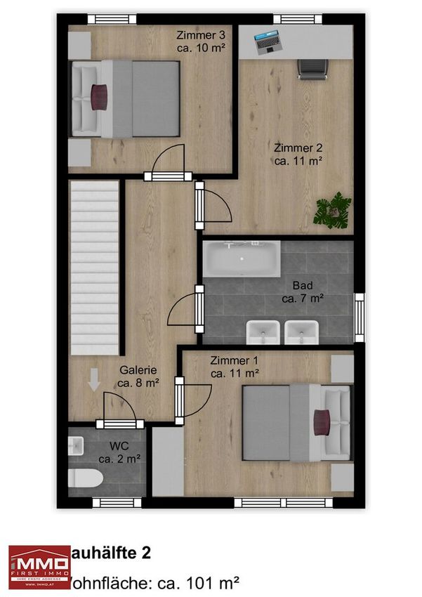 OG: Galerie von wo aus sämtliche Räume zentral begehbar sind, drei Schlafzimmer, ein WC mit Handwaschbecken und ein Badezimmer mit Fenster, Doppelhandwaschbecken, Dusche und Badewanne
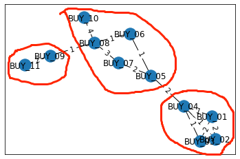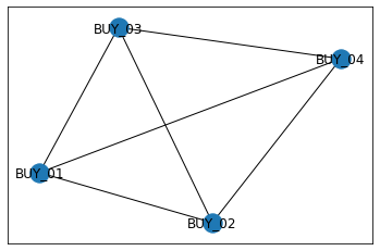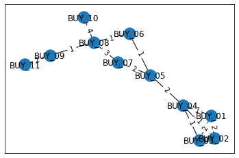 G.add_edge('BUY_04','BUY_05',weight=2)G.add_edge('BUY_05','BUY_06',weight=1)G.add_edge('BUY_05','BUY_07',weight=2)G.add_edge('BUY_06','BUY_08',weight=1)G.add_edge('BUY_07','BUY_08',weight=3)G.add_edge('BUY_08','BUY_09',weight=1)G.add_edge('BUY_08','BUY_10',weight=4)G.add_edge('BUY_09','BUY_11',weight=2)pos=nx.spring_layout(G)labels = nx.get_edge_attributes(G,'weight')nx.draw_networkx(G,pos)nx.draw_networkx_edge_labels(G,pos,edge_labels=labels)
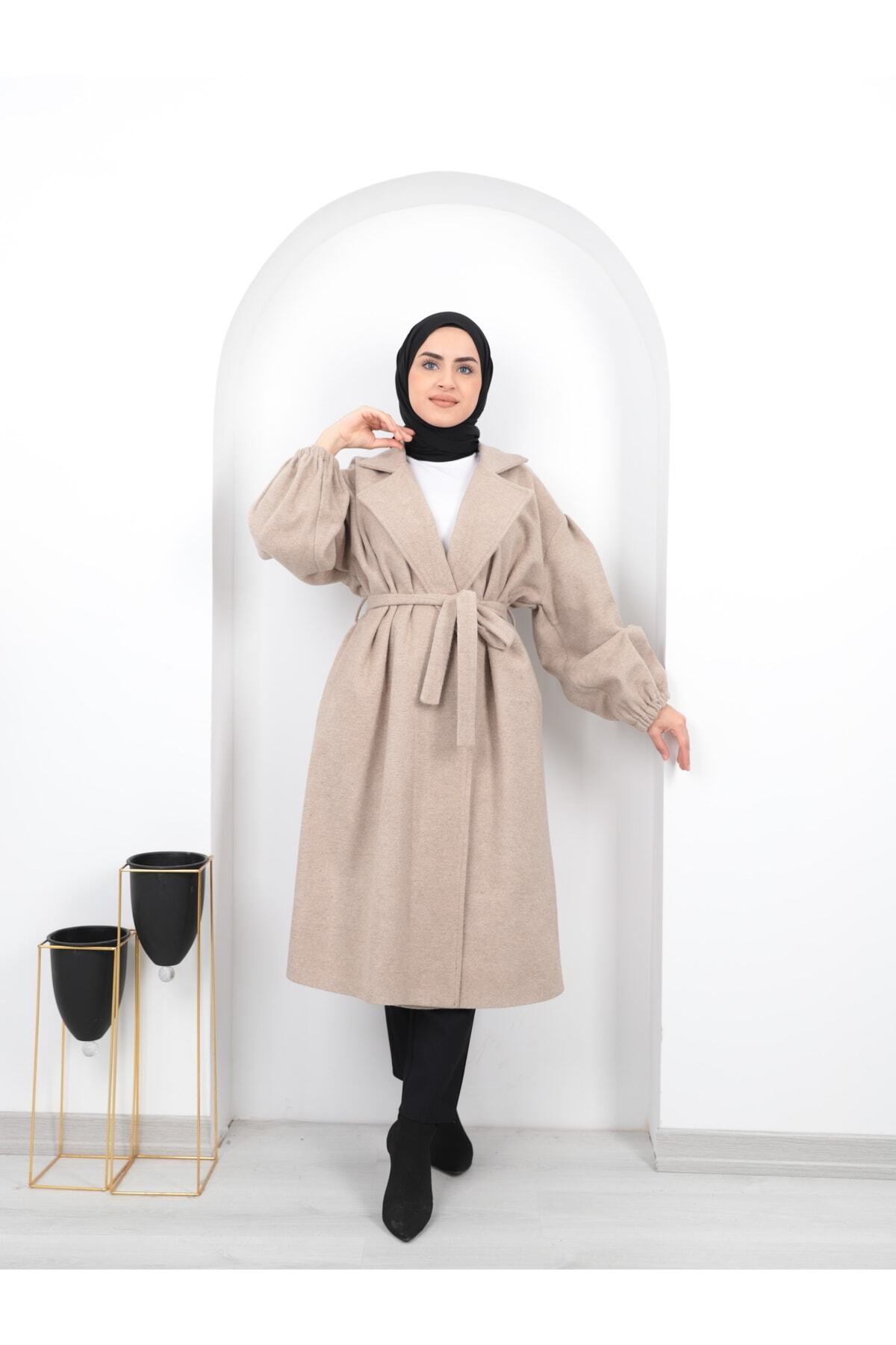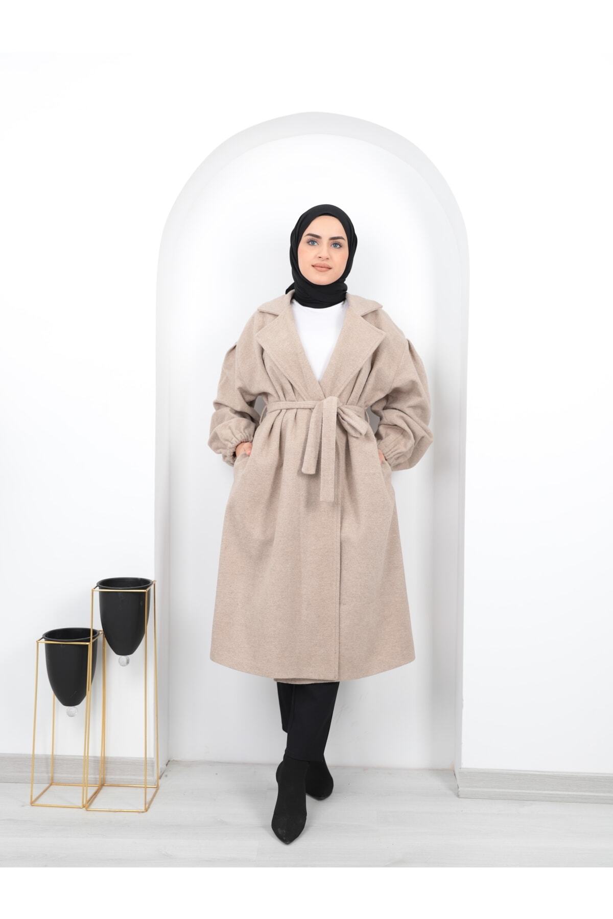 - Midi boy kesimi ile hem şıklığı hem de rahatlığı bir arada sunan balon kaşe kaban, günlük kullanım için idealdir.
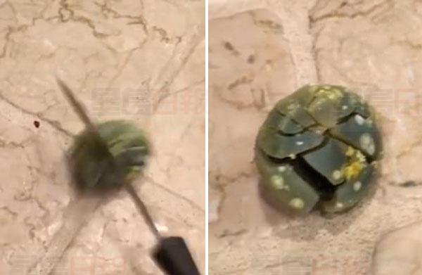 這枚色彩缤紛的雞蛋在9年前複活節的“尋找彩蛋”遊戲中被遺忘在沙發坐墊下,直至今天才被發現。在這段令人反胃的視頻中,在Reddit McReddit搖了搖雞蛋後,能聽到有東西在裏面翻滾,他說道“裏面已經變成一個皮球了。”繼而用刀敲開9歲的雞蛋殼,露出裏面一個奇形怪狀、腐爛的腫塊。
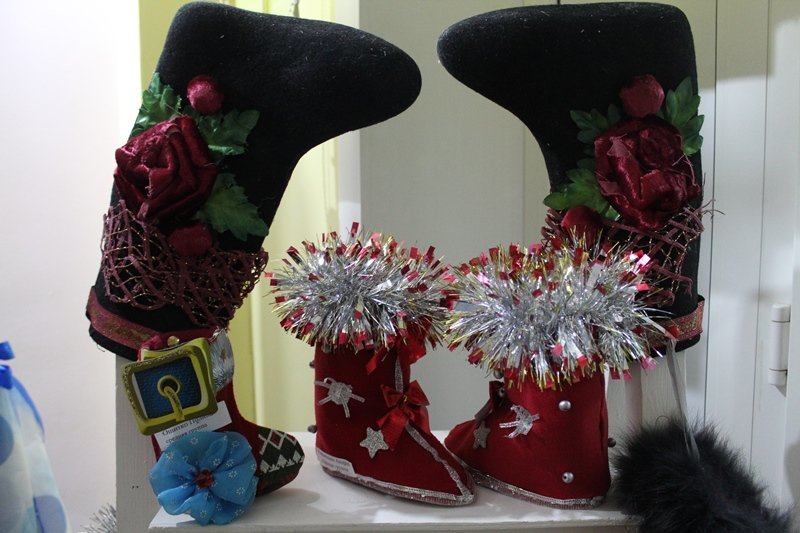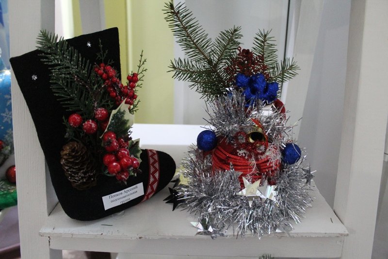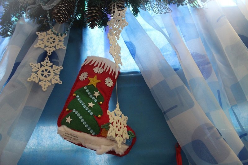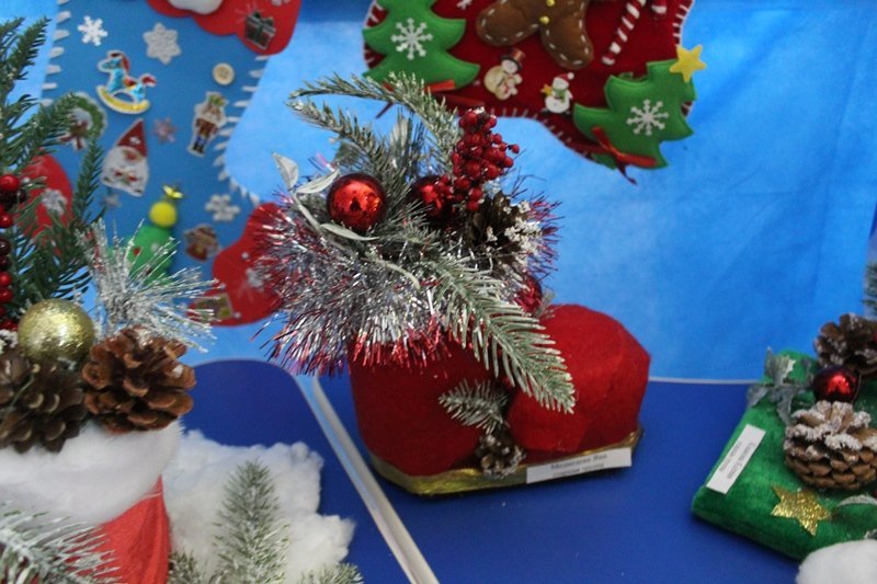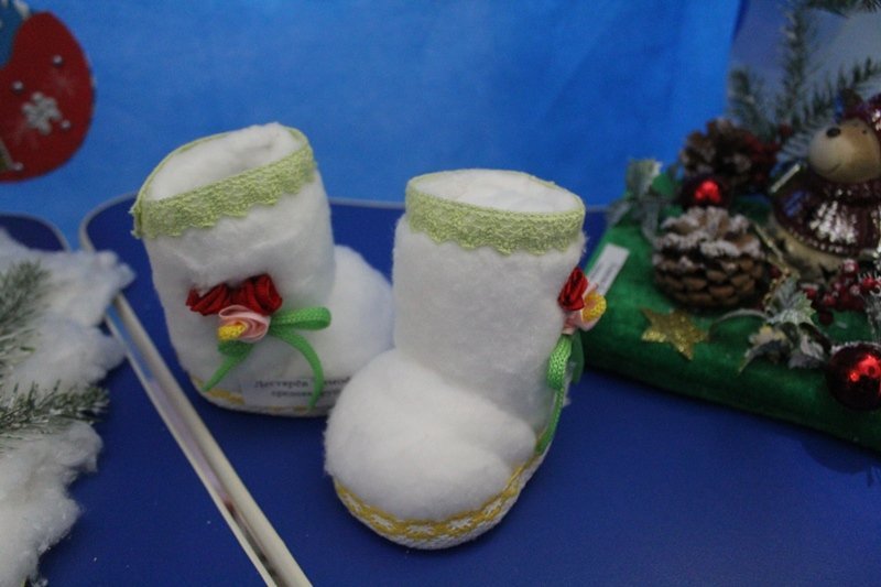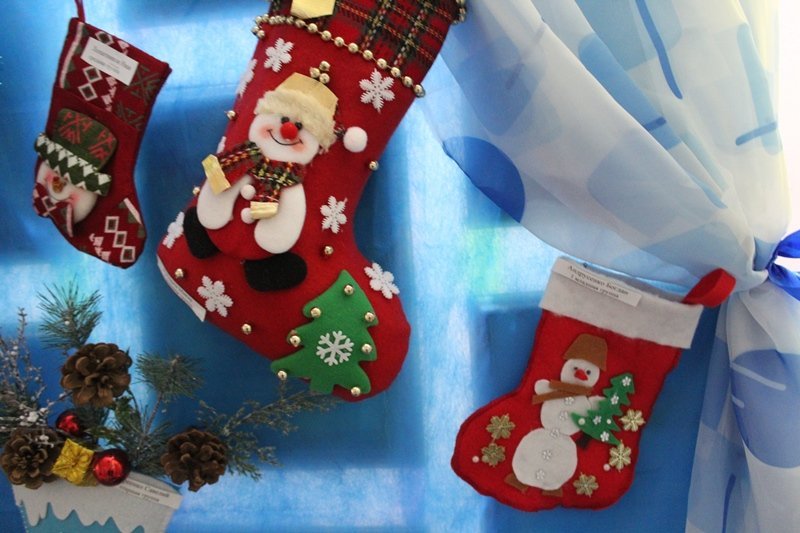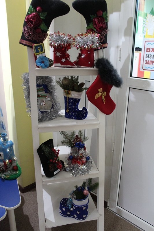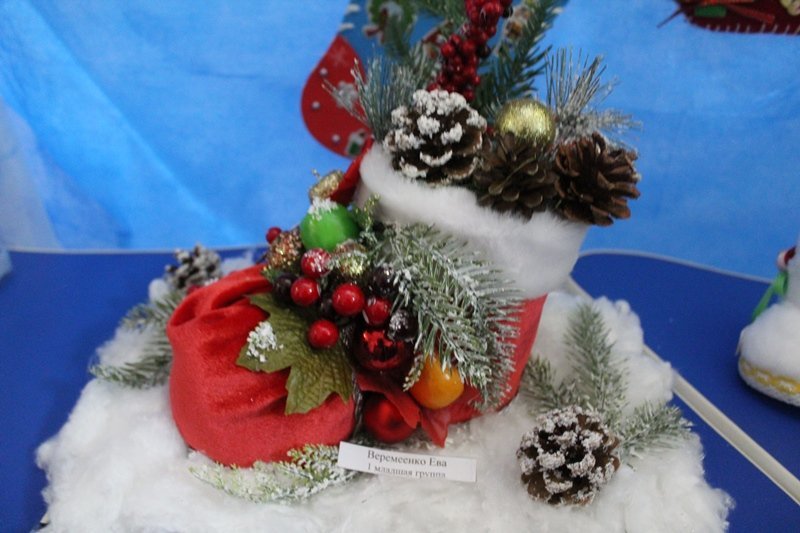В этом году Новогодняя выставка декоративно – прикладного творчества детей и родителей прошла под названием «Эх, валенки, да валенки…..», и на ней можно было увидеть не обыкновенные валенки, а настоящие сапожки для дедушки Мороза!

━━━━━━━━━━━━━━━━

_Task directions_
Your answer must be only the lines from the one that holds "- Midi boy kesimi" to the end of the listing, each restated word for word, with both ends kept and pictures left out.

_Result of this task_
 - Midi boy kesimi ile hem şıklığı hem de rahatlığı bir arada sunan balon kaşe kaban, günlük kullanım için idealdir.
 這枚色彩缤紛的雞蛋在9年前複活節的“尋找彩蛋”遊戲中被遺忘在沙發坐墊下,直至今天才被發現。在這段令人反胃的視頻中,在Reddit McReddit搖了搖雞蛋後,能聽到有東西在裏面翻滾,他說道“裏面已經變成一個皮球了。”繼而用刀敲開9歲的雞蛋殼,露出裏面一個奇形怪狀、腐爛的腫塊。
В этом году Новогодняя выставка декоративно – прикладного творчества детей и родителей прошла под названием «Эх, валенки, да валенки…..», и на ней можно было увидеть не обыкновенные валенки, а настоящие сапожки для дедушки Мороза!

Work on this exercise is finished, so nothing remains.